**Directions**
Repeat the span of the entries below that starts at the line with "AURORA 2.0 PUFFER HOODED JACKET" and ends at the line with "Backyard offers abundant lawn space.", nothing more. Skip the pictures.

START Records to process

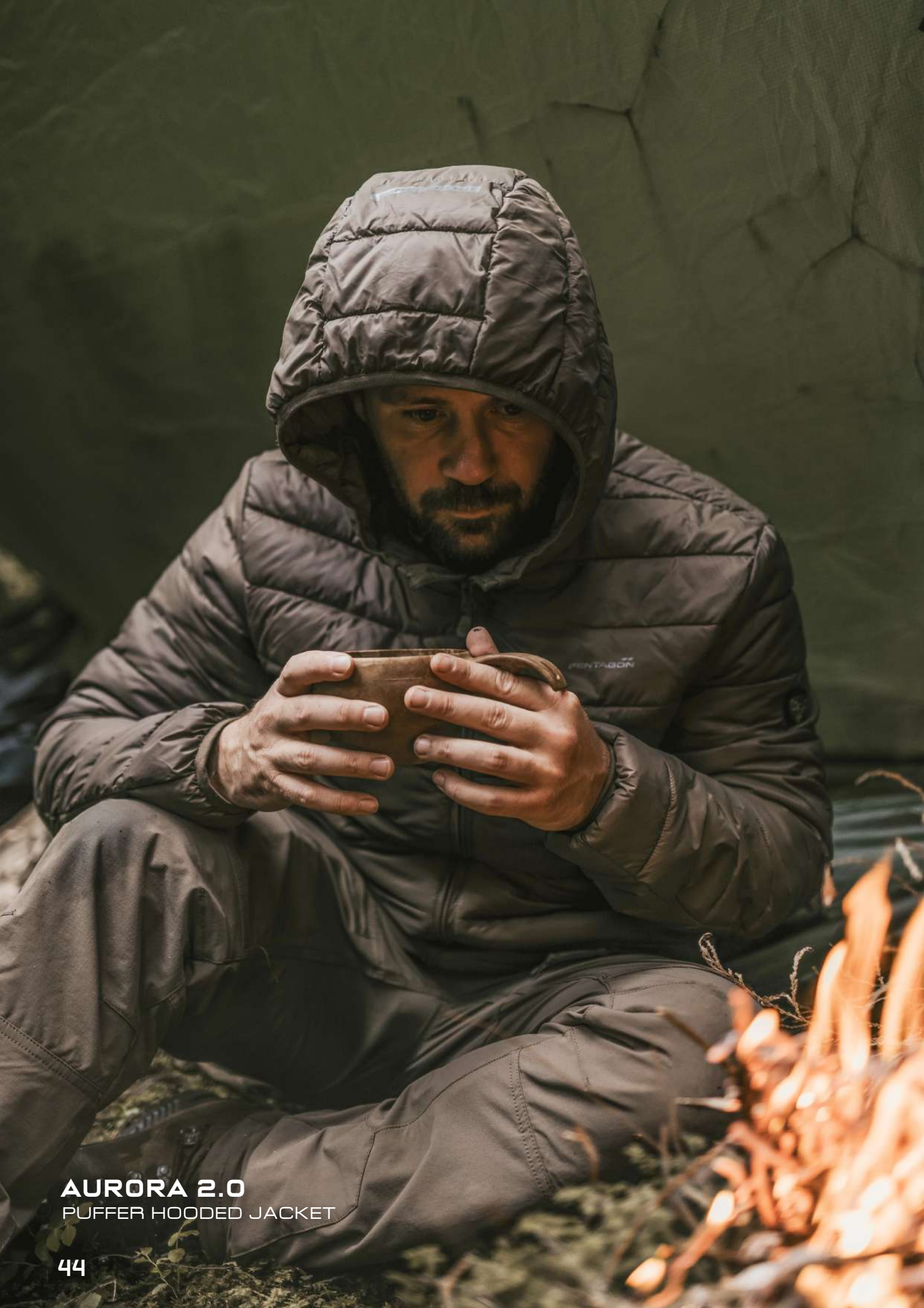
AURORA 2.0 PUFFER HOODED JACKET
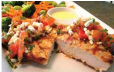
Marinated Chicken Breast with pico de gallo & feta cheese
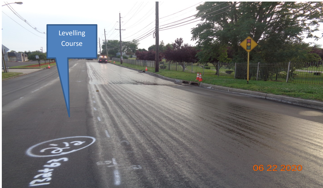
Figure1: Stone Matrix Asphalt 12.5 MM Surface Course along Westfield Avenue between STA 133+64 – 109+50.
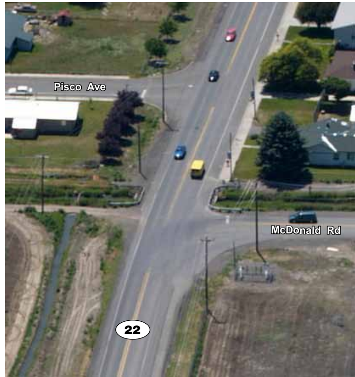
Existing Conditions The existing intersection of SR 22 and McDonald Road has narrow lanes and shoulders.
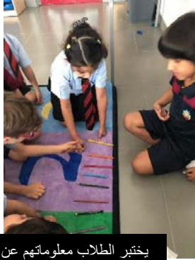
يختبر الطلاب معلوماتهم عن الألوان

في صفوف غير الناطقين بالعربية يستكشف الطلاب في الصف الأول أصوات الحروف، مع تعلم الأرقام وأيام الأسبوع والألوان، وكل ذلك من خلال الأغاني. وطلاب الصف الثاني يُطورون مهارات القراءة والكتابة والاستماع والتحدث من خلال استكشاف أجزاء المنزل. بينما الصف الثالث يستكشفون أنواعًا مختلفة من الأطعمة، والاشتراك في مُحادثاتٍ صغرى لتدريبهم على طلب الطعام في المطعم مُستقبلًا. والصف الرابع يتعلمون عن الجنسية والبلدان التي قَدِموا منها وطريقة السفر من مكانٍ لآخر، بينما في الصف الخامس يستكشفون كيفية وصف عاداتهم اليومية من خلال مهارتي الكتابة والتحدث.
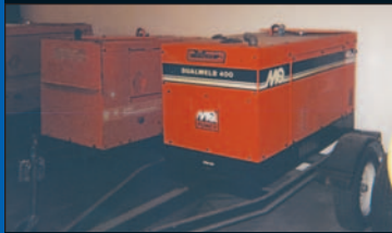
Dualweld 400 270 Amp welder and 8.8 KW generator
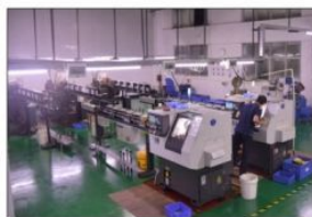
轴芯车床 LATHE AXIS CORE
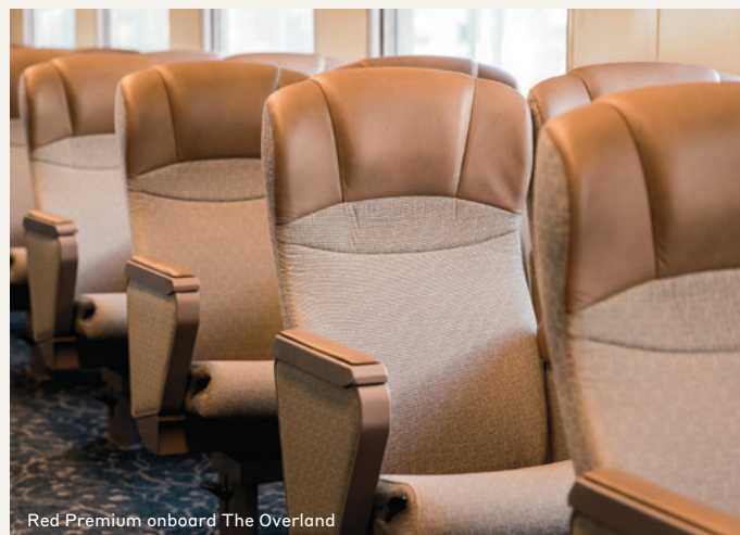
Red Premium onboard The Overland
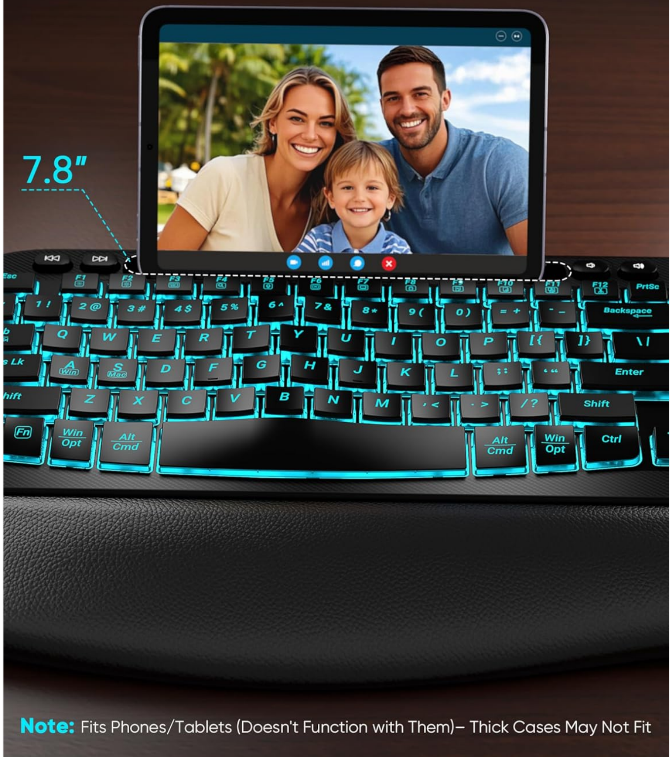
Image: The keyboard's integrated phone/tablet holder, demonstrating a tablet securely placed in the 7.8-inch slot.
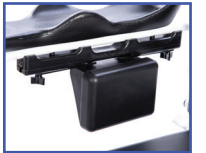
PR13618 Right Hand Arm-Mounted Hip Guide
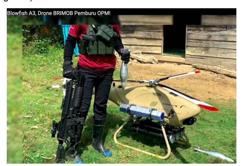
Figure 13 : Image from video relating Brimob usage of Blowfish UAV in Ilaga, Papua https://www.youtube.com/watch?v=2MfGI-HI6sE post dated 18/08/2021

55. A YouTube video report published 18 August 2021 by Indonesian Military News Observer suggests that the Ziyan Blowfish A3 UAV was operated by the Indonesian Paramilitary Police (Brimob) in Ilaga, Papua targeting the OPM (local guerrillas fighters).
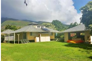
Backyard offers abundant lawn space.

END Records to process
START Records to process

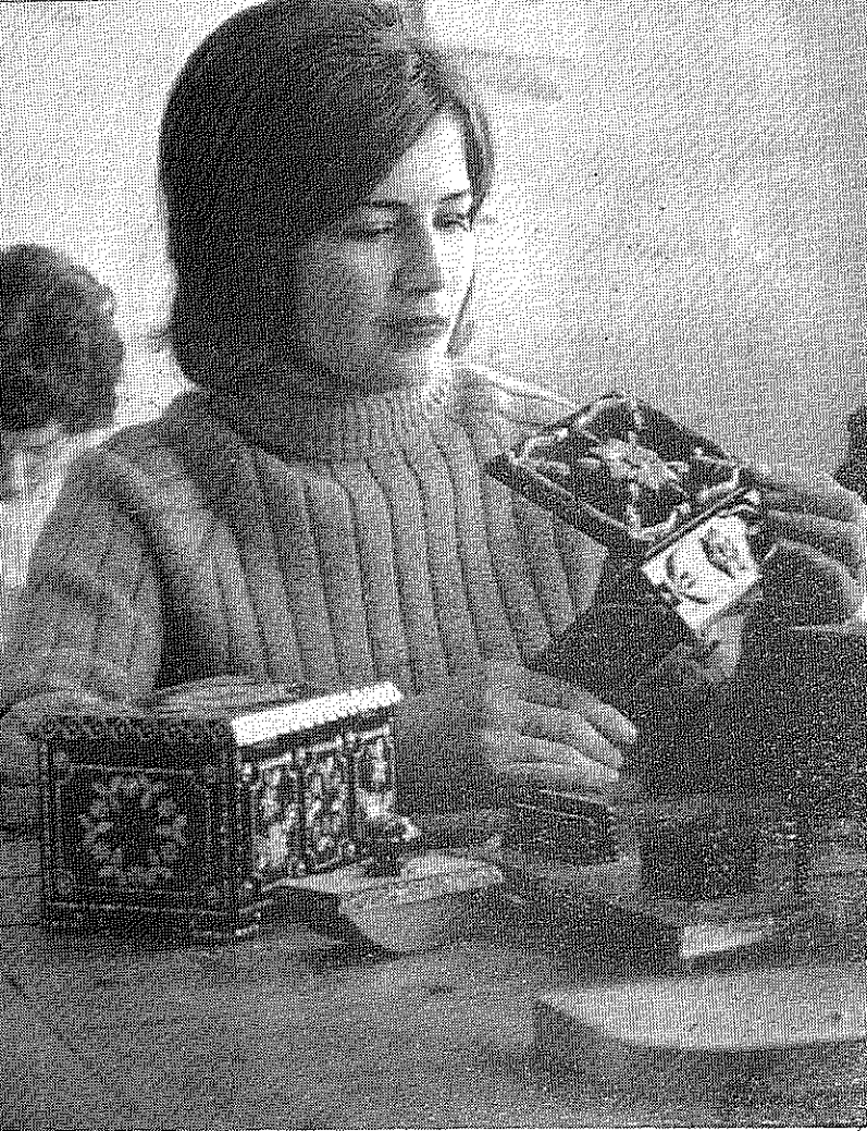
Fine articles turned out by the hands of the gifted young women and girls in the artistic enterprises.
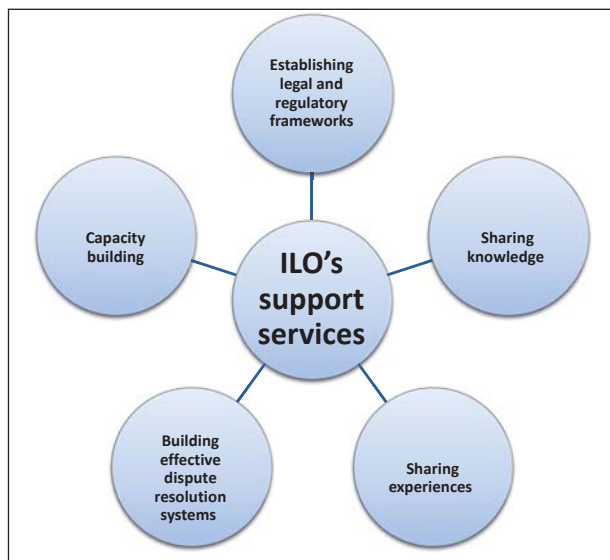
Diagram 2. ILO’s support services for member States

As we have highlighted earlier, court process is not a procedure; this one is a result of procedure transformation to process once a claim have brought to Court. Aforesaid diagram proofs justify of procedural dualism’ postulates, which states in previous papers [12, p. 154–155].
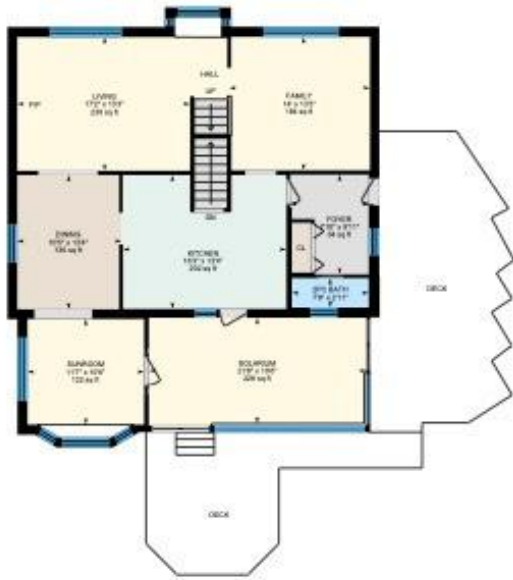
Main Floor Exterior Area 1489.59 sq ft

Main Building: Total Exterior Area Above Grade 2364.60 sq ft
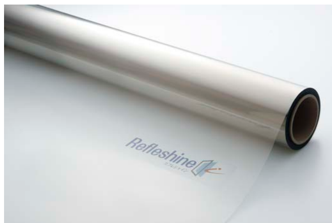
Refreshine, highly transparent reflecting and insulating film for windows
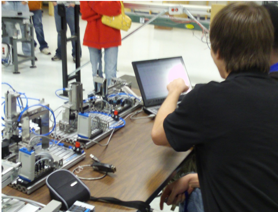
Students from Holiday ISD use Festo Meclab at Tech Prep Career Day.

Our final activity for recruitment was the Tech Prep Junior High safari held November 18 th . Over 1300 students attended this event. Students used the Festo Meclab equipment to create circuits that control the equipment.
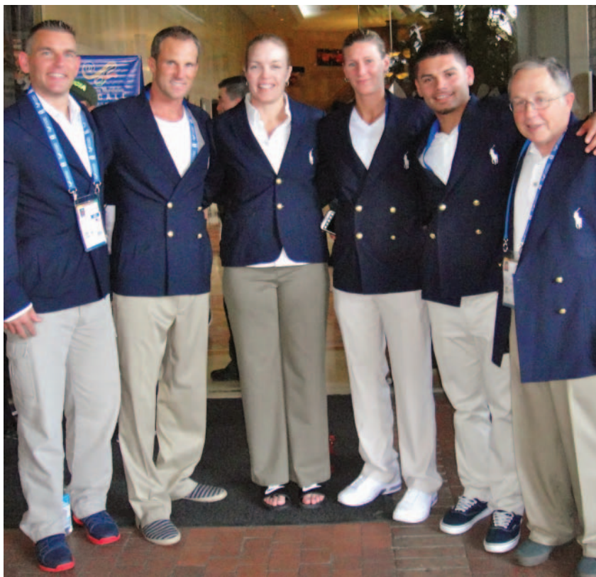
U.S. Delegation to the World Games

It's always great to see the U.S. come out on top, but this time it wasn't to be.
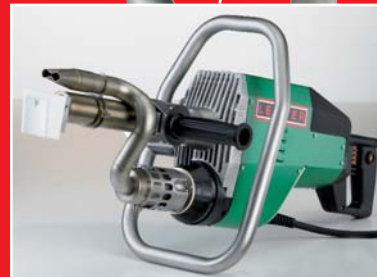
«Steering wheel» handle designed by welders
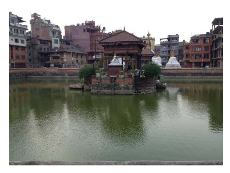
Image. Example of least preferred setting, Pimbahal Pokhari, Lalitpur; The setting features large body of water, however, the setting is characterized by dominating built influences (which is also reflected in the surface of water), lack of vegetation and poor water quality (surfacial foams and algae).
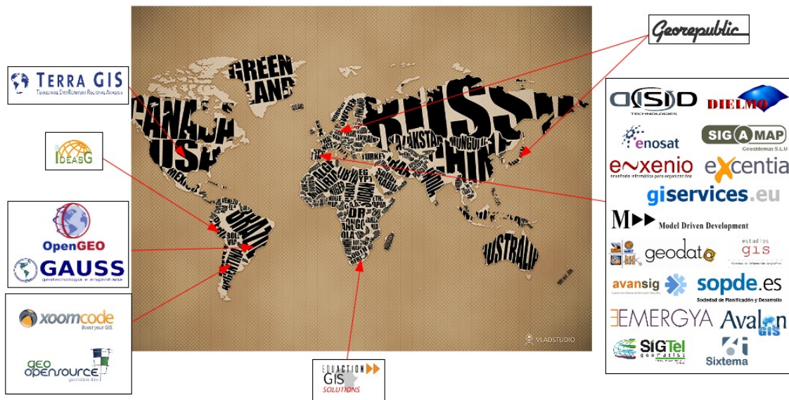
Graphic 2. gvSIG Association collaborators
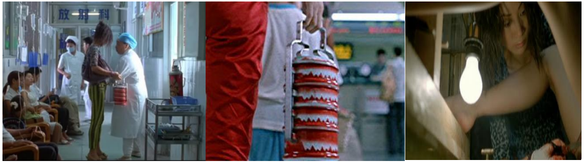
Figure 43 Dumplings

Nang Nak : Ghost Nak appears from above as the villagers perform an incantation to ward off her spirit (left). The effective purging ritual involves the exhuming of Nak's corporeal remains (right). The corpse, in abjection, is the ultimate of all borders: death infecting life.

END Records to process

**The answer**
AURORA 2.0 PUFFER HOODED JACKET
Marinated Chicken Breast with pico de gallo & feta cheese
Figure1: Stone Matrix Asphalt 12.5 MM Surface Course along Westfield Avenue between STA 133+64 – 109+50.
Existing Conditions The existing intersection of SR 22 and McDonald Road has narrow lanes and shoulders.
يختبر الطلاب معلوماتهم عن الألوان

في صفوف غير الناطقين بالعربية يستكشف الطلاب في الصف الأول أصوات الحروف، مع تعلم الأرقام وأيام الأسبوع والألوان، وكل ذلك من خلال الأغاني. وطلاب الصف الثاني يُطورون مهارات القراءة والكتابة والاستماع والتحدث من خلال استكشاف أجزاء المنزل. بينما الصف الثالث يستكشفون أنواعًا مختلفة من الأطعمة، والاشتراك في مُحادثاتٍ صغرى لتدريبهم على طلب الطعام في المطعم مُستقبلًا. والصف الرابع يتعلمون عن الجنسية والبلدان التي قَدِموا منها وطريقة السفر من مكانٍ لآخر، بينما في الصف الخامس يستكشفون كيفية وصف عاداتهم اليومية من خلال مهارتي الكتابة والتحدث.
Dualweld 400 270 Amp welder and 8.8 KW generator
轴芯车床 LATHE AXIS CORE
Red Premium onboard The Overland
Image: The keyboard's integrated phone/tablet holder, demonstrating a tablet securely placed in the 7.8-inch slot.
PR13618 Right Hand Arm-Mounted Hip Guide
Figure 13 : Image from video relating Brimob usage of Blowfish UAV in Ilaga, Papua https://www.youtube.com/watch?v=2MfGI-HI6sE post dated 18/08/2021

55. A YouTube video report published 18 August 2021 by Indonesian Military News Observer suggests that the Ziyan Blowfish A3 UAV was operated by the Indonesian Paramilitary Police (Brimob) in Ilaga, Papua targeting the OPM (local guerrillas fighters).
Backyard offers abundant lawn space.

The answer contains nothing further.